How Fast Can a Spacecraft Get to Mercury?

Mercury orbits quickly around the Sun and scientists seeking to understand its mysteries have quickly identified a spacecraft capable of reaching it within sufficient timeframe.

Slowing a spacecraft with flybys may be straightforward, but getting it to Mercury’s speed requires more complicated methods. Here’s how scientists plan to achieve their goal.

Mariner 10

Chen-Wan Yen had conducted extensive calculations at JPL orbital dynamics specialist Chen-Wan Yen had demonstrated in the late 1980s that multiple flybys of Mercury combined with modest propulsive maneuvers could put a spacecraft into orbit around it and provide comprehensive analyses of its surface, atmospheric components, and physical characteristics from orbit.

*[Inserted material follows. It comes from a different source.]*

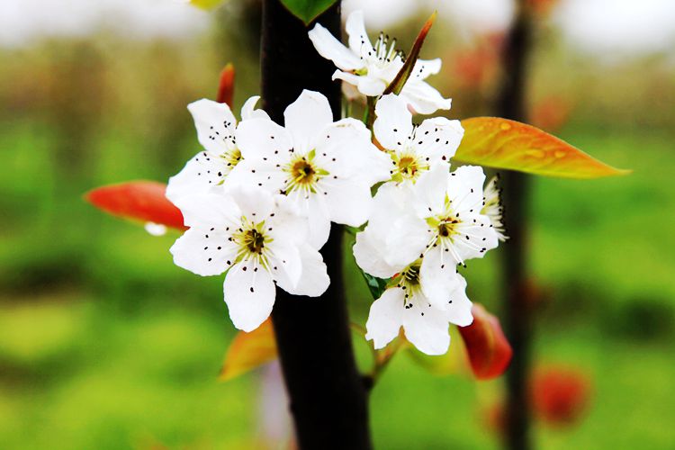到了梨花开时,忽如一夜春风来,千树万树梨花开。因梨园离我们家最近,早上起来,推开窗子,不由的眼前一亮,雪白的梨花似雪压冬林一样挂满枝头。一朵朵,一簇簇在春风中婆娑飞舞,怎一个美字了得!如果遇上下雨天,满园的梨花更是风情万种,那白色的花瓣晶莹剔透,宛若少女的皮肤,轻轻一弹,便要弹出水来。难怪古人用梨花带雨来形容女子的娇美呢。等梨花开过,苹果花就粉墨登场了。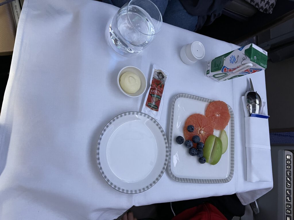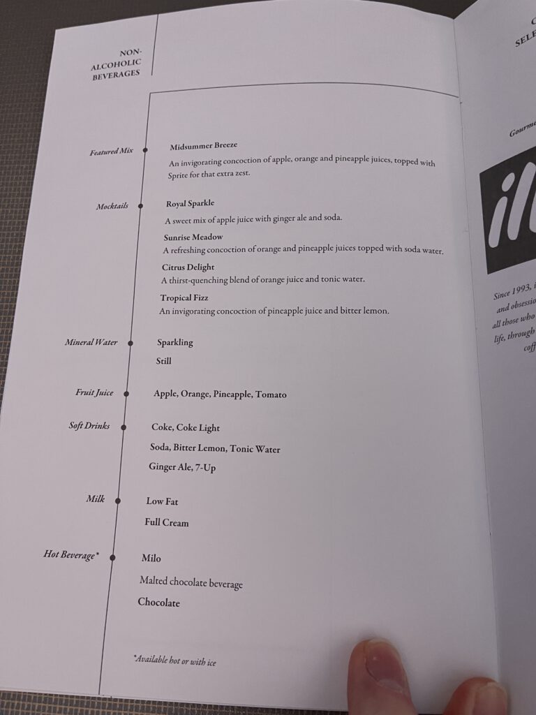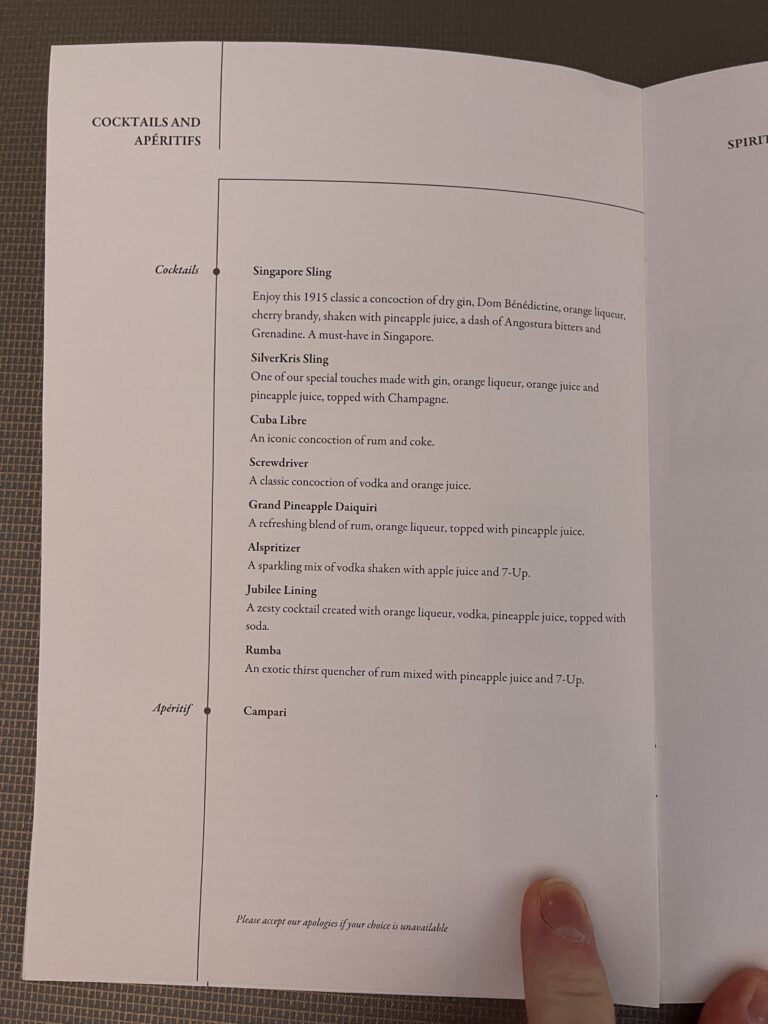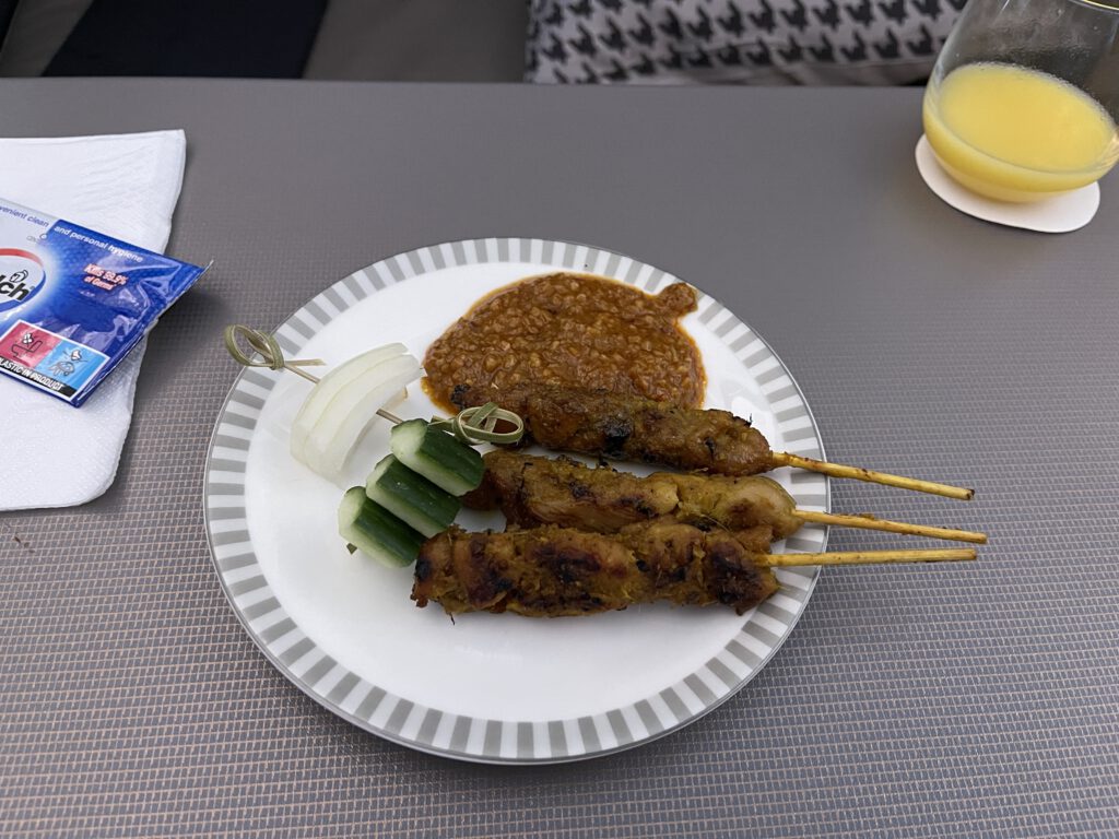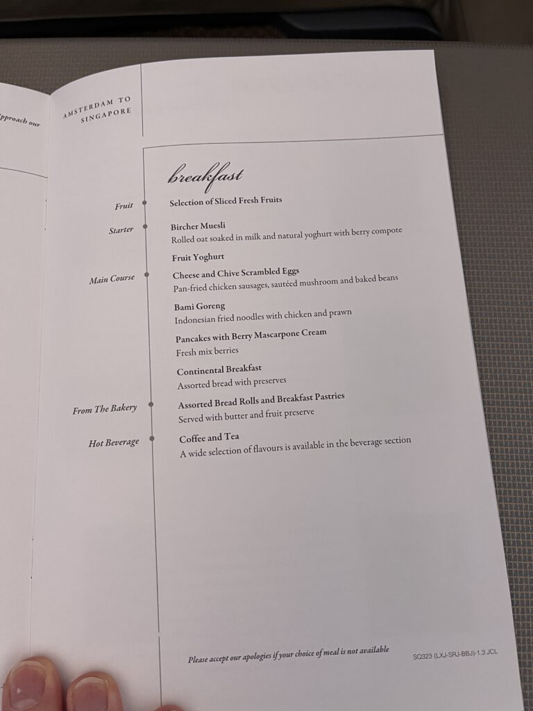 Vorbestellungen funktionieren bei Singapore ein bisschen anders als gewöhnlich: es gibt einen „Book the Cook“ Service, der Spezialitäten des jeweiligen Abfluglandes im Angebot hat. Die mit Abstand größte Auswahl hat man natürlich bei Abflügen aus Singapore. Aber meine eigene Wahl für Mittagessen und Frühstück waren beides Optionen aus dem genannten Book the Cook Programm.

Mariner 10 was launched on time and returned over 2,800 television photographs of Mercury. These revealed its lunar-like surface pockmarked with craters and scars as well as chains of steep cliffs possibly formed by volcanic activity in Mercury’s past. Furthermore, Mariner 10 photographed a giant impact basin called Caloris Basin; data indicated it had both an exosphere composed of hydrogen and helium captured from solar wind as well as a massive core rich with iron.

However, despite its considerable accomplishments, the Mercury orbiter mission never received full approval by NASA; as a result, American planetary science fell into what many refer to as an extended hiatus known as “the lost decade.”

MESSENGER

The National Aeronautics and Space Administration’s MESSENGER spacecraft revolutionized our understanding of Mercury during its four-year orbital mission that ended in April 2015. Photos and other data revealed, for example, that Mercury’s northern pole contains water ice and organic compounds and that crater formation occurred over different timescales.

Launched August 3, 2004, MESSENGER used multiple gravity assists from flybys of Earth, Venus, and Mercury to reduce its speed relative to the Sun so its main rocket engine could finish slowing it enough for planetary orbit insertion. This reduced onboard propellant requirements but increased travel distance over time.

MESSENGER returned photos and formatted data totalling more than 10 terabytes to NASA’s Planetary Data System archive during its mission, inspiring further modern exploration efforts like bepiColombo launched by European Space Agency and Japanese Aerospace Exploration Agency that’s expected to arrive at Mercury by 2025.

BepiColombo

BepiColombo was launched from Kourou in French Guiana on 20 October 2018 to take scientific lead in exploring Mercury. Comprising an MTM and MPO developed jointly by ESA and JAXA, bepiColombo will begin exploring Mercury scientifically for years.

Both orbiters will study Mercury from various perspectives. Furthermore, their instrument payloads differ significantly from those included on MESSENGER by carrying additional instruments not found there – including thermal infrared spectrometer and plasma physics instruments that will enhance our knowledge of Mercury exosphere dust environment such as altitude distribution and temporal variation as well as role played by micrometeoroids and comets as source processes.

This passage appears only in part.